Try it:
Before returning the data, strip out the pictures and keep everything else exactly the same.

Information shown:
= Beginning of Section =
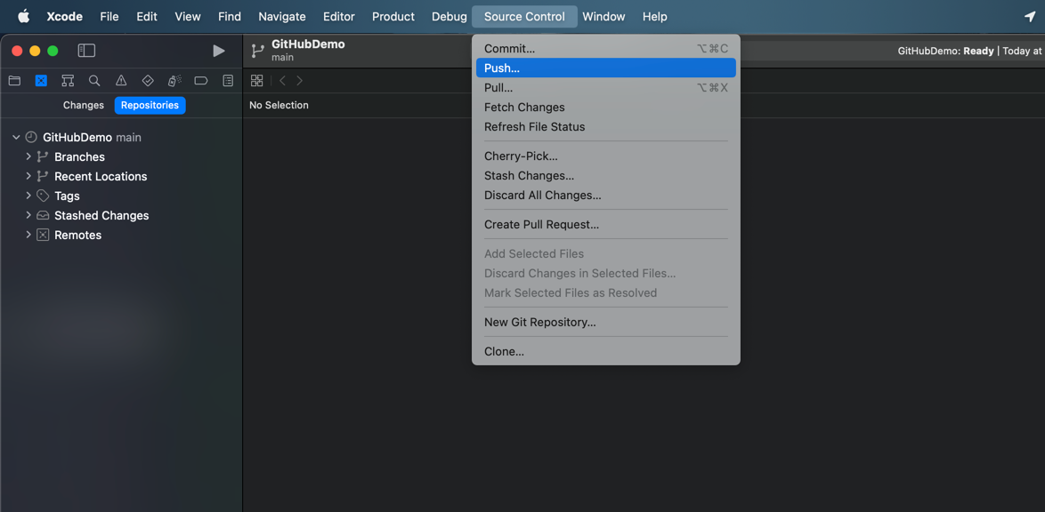 因为在 Xcode 中 Create Git repository 操作会默认 commit 一次到本地仓库,且默认 branch 名称为 main,这边没有对代码进行修改,所以直接推送代码。
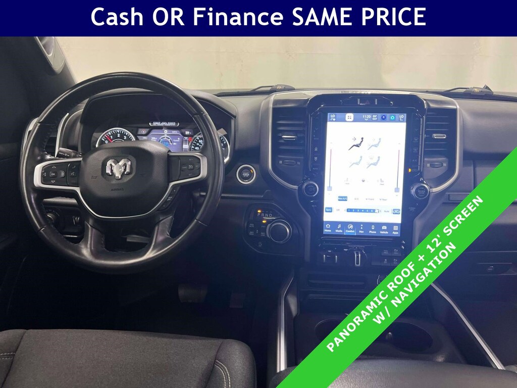Tech that makes life easier is front and center. A large touchscreen multimedia display with Uconnect 5 Nav and a 12-inch interface puts Apple CarPlay, Google Android Auto, HD Radio, SiriusXM with 360L, GPS Navigation, Bluetooth, and a 4G LTE Wi-Fi Hot Spot at your fingertips. The 7-inch color driver cluster keeps key info clear, while steering wheel media controls let you manage audio and calls without taking your hands off the wheel. Comfort upgrades include heated front seats, a heated steering wheel, dual-zone automatic temperature control, power-adjustable pedals, a power 8-way driver seat with lumbar, auto-dimming mirrors, and a rear power sliding window. Premium Lighting Group LED reflector headlamps, LED fog lamps, and LED taillamps enhance visibility. ParkSense Front/Rear Park Assist with Stop and the ParkView Rear Back-Up Camera simplify tight parking. For hauling, Trailer Tow Group with a Class IV receiver hitch, integrated Trailer Brake Control, Trailer Light Check, Trailer Tire Pressure Monitoring System, and Heavy-Duty Engine Cooling bring confident capability. Remote Start, 115V power outlets, a 400W inverter, and 9 amplified speakers with subwoofer add everyday convenience and rich sound & more.
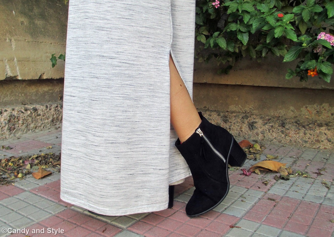 This outfit may be simple but is so perfect and elegant! I just love that long beautiful skirt and I adore those cute boots peeking out of the slit! Your little 'L" necklace is the sweetest finishing touch!
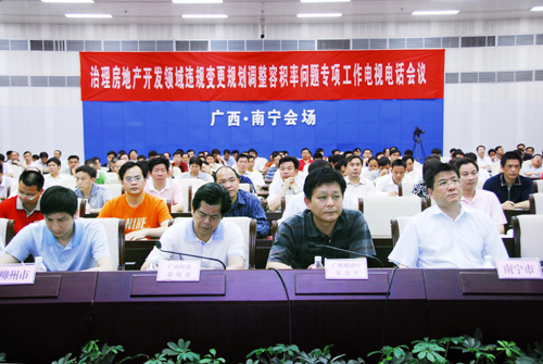 住房和城鄉(xiāng)建設(shè)部部長姜偉新主持會議。住房和城鄉(xiāng)建設(shè)部副部長仇保興對開展房地產(chǎn)開發(fā)領(lǐng)域違規(guī)變更規(guī)劃調(diào)整容積率專項治理工作作了全面部署,并對工作的重點、時間和方法提出了要求。監(jiān)察部副部長郝明金要求要充分認(rèn)識做好專項治理工作的重要性和緊迫性,并強(qiáng)調(diào)全國監(jiān)察部門要充分發(fā)揮職能作用,配合住房城鄉(xiāng)建設(shè)部門,共同遏制房地產(chǎn)開發(fā)領(lǐng)域腐敗問題易發(fā)多發(fā)勢頭。
= End of Section =
Result of the exercise:
 因为在 Xcode 中 Create Git repository 操作会默认 commit 一次到本地仓库,且默认 branch 名称为 main,这边没有对代码进行修改,所以直接推送代码。
Tech that makes life easier is front and center. A large touchscreen multimedia display with Uconnect 5 Nav and a 12-inch interface puts Apple CarPlay, Google Android Auto, HD Radio, SiriusXM with 360L, GPS Navigation, Bluetooth, and a 4G LTE Wi-Fi Hot Spot at your fingertips. The 7-inch color driver cluster keeps key info clear, while steering wheel media controls let you manage audio and calls without taking your hands off the wheel. Comfort upgrades include heated front seats, a heated steering wheel, dual-zone automatic temperature control, power-adjustable pedals, a power 8-way driver seat with lumbar, auto-dimming mirrors, and a rear power sliding window. Premium Lighting Group LED reflector headlamps, LED fog lamps, and LED taillamps enhance visibility. ParkSense Front/Rear Park Assist with Stop and the ParkView Rear Back-Up Camera simplify tight parking. For hauling, Trailer Tow Group with a Class IV receiver hitch, integrated Trailer Brake Control, Trailer Light Check, Trailer Tire Pressure Monitoring System, and Heavy-Duty Engine Cooling bring confident capability. Remote Start, 115V power outlets, a 400W inverter, and 9 amplified speakers with subwoofer add everyday convenience and rich sound & more.
 This outfit may be simple but is so perfect and elegant! I just love that long beautiful skirt and I adore those cute boots peeking out of the slit! Your little 'L" necklace is the sweetest finishing touch!
 住房和城鄉(xiāng)建設(shè)部部長姜偉新主持會議。住房和城鄉(xiāng)建設(shè)部副部長仇保興對開展房地產(chǎn)開發(fā)領(lǐng)域違規(guī)變更規(guī)劃調(diào)整容積率專項治理工作作了全面部署,并對工作的重點、時間和方法提出了要求。監(jiān)察部副部長郝明金要求要充分認(rèn)識做好專項治理工作的重要性和緊迫性,并強(qiáng)調(diào)全國監(jiān)察部門要充分發(fā)揮職能作用,配合住房城鄉(xiāng)建設(shè)部門,共同遏制房地產(chǎn)開發(fā)領(lǐng)域腐敗問題易發(fā)多發(fā)勢頭。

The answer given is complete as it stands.